Ceva reorg accelerates as rumours give way to action
On the move
Atlas Air’s takeover by Apollo Global Management was expected to close in the first quarter – but it looks as if progress may have been hampered by regulatory authorities.
Yesterday, the US Department of Justice (DoJ) said its focus on “potentially illegal interlocking directorates” had forced a number of directors to resign from corporate boards owing to “interlocking” interests.
Two Apollo-related directors of Amazon Air supplier Sun Country Airlines were among them.
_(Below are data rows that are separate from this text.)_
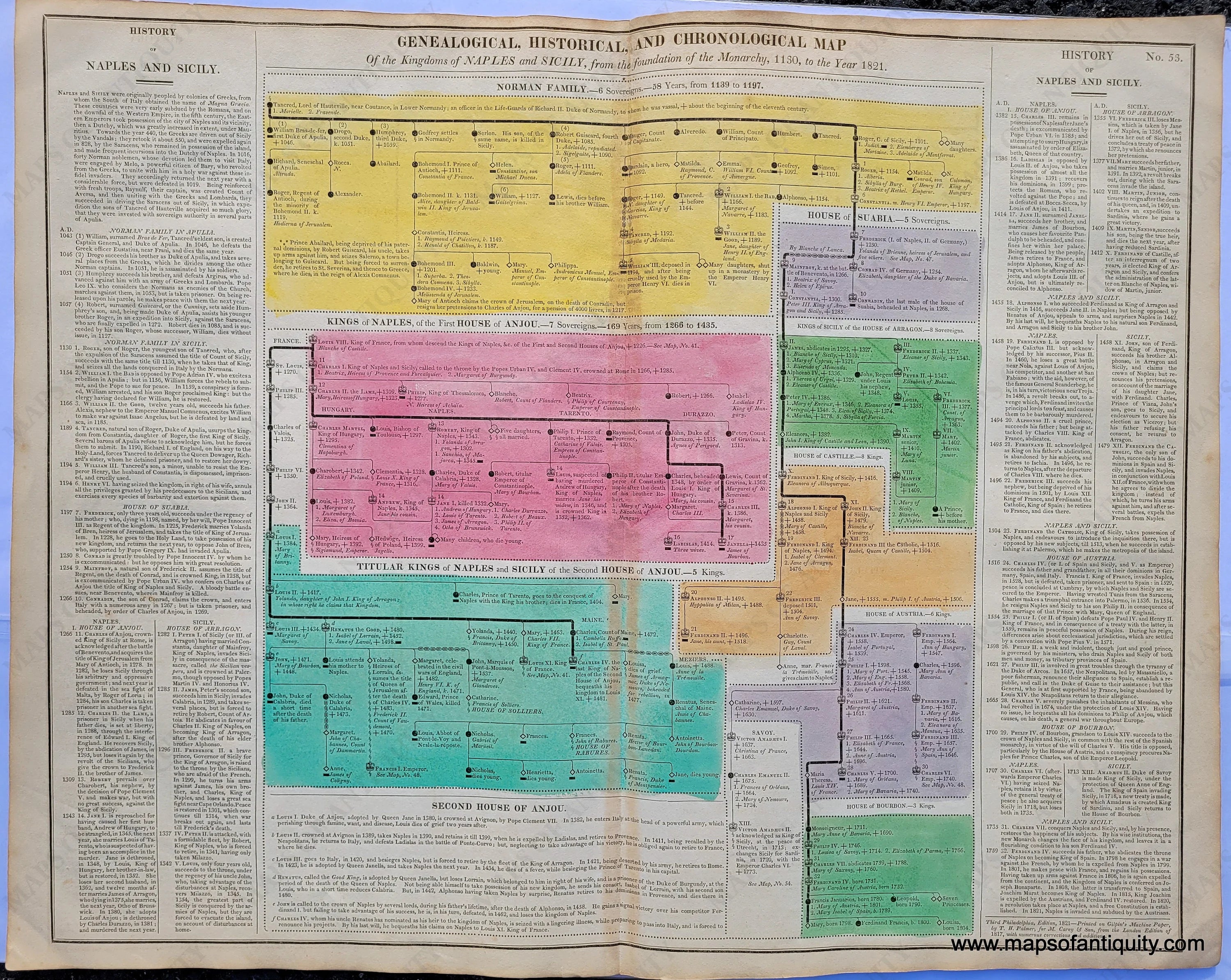 Genealogical, Historical, and Chronological Map of the Kingdoms of Naples and Sicily, from the foundation of the Monarchy, 1130, to the Year 1821. No. 53.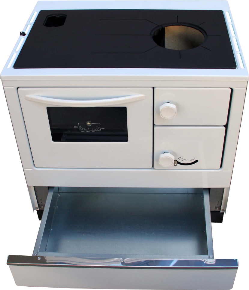 Vedle ohniště je smaltovaná trouba na pečení s dvěma páry nosných žeber na příslušenství. Je uzavíratelná odnímatelnými dvířky, které jsou k obrubě trouby přitlačované ocelovými pružinami. Pod troubou je otvor na čištění spodní části sporáku, který je zakrytý smaltovaným víkem.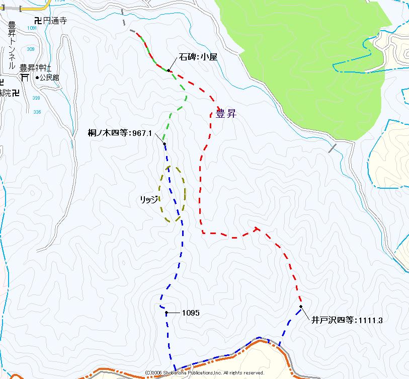 前週の千の入四等点を検討する中で、同じエリア内で目に入っていたのが西側の井戸沢四等点と桐ノ木四等点。南は佐久市との市町界尾根があり、その北斜面の里山な場所。地形図とストリートビューを使いコースを検討すると、2点のある尾根に挟まれる谷に林道があり、林道名は「林道木の久保線」と判った。豊昇地区にはあまり駐車余地がなく適当な場所が見出せなかった。この木の久保線沿いに期待して出向いてみる。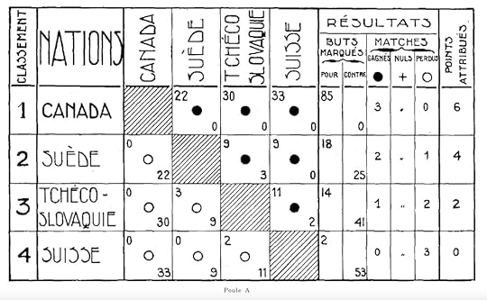 In Pool B, the 7-5 win by France over Belguim was the only close game.A story told in the Globe the day after the team returned home to Toronto gives an idea of just how easy those three victories were. Apparently, in the first period of the game against Switzerland, a photographer jumped onto the ice and dashed over to Ernie Collett. He told the goalie he’d like to take a few pictures as soon as he was at his leisure.
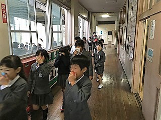 ・トイレから出てきた女の子が、自分のスリッパだけでなく、並んでいなかったスリッパもきれいにしていました。当たり前のように、自然にできる所がうれしいですね。さすが植柳小の子どもです。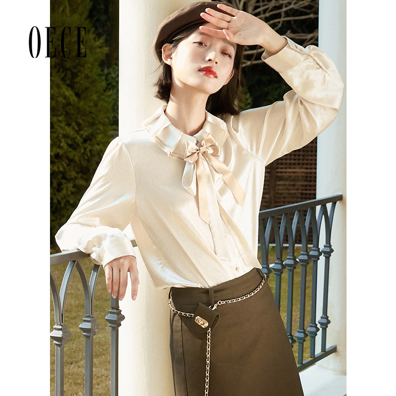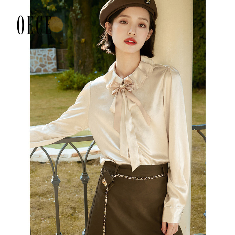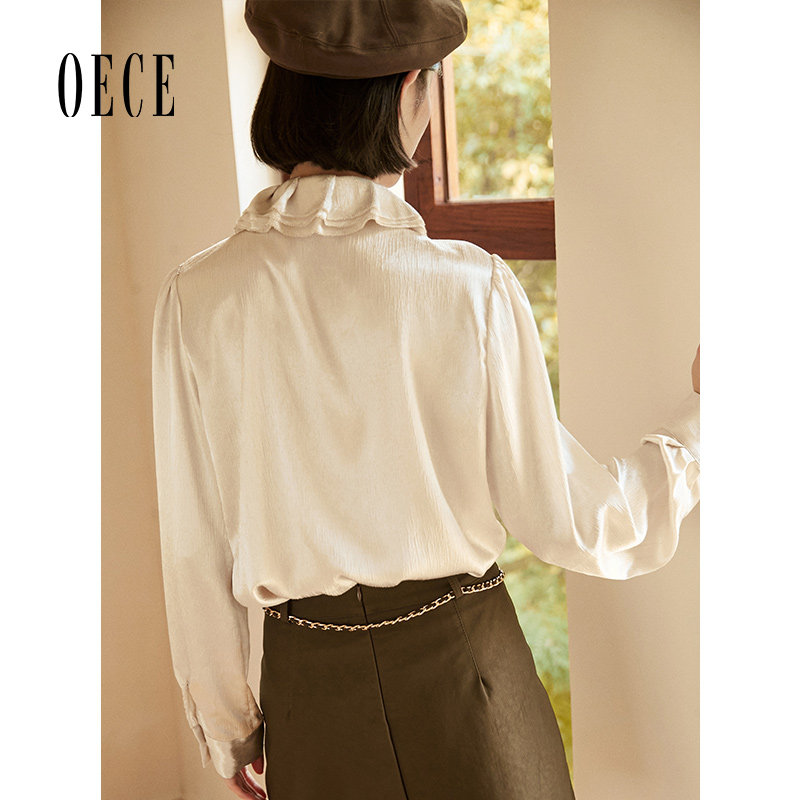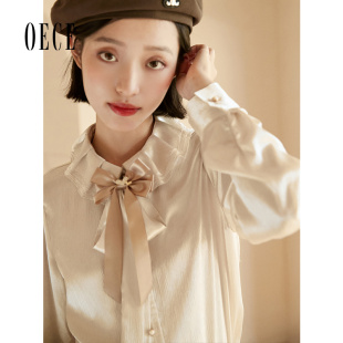 甜美小众衬衣春秋气质上衣 女装 Oece复古设计感衬衫 新款

The DoJ noted: “Sun Country and Atlas Air both provide crew, maintenance and insurance for domestic air freight routes. In August 2022, an investment group led by Apollo Global Management, proposed acquiring all of Atlas Air’s outstanding shares. At the time, two Apollo-affiliated individuals sat on the Sun Country board of directors. After the division raised concerns regarding a potential interlock arising from Apollo’s proposed acquisition of Atlas Air, the two Apollo-affiliated directors resigned.”
Apollo is one of a number of PE firms under investigation by the DoJ for its strategy of placing directors on corporate boards, which “may not be in the best interests of consumers”.
In addition, the planned takeover and subsequent de-listing of Atlas many also have come under more scrutiny after the DoJ said last year it would take a tougher stance on PE firms buying companies.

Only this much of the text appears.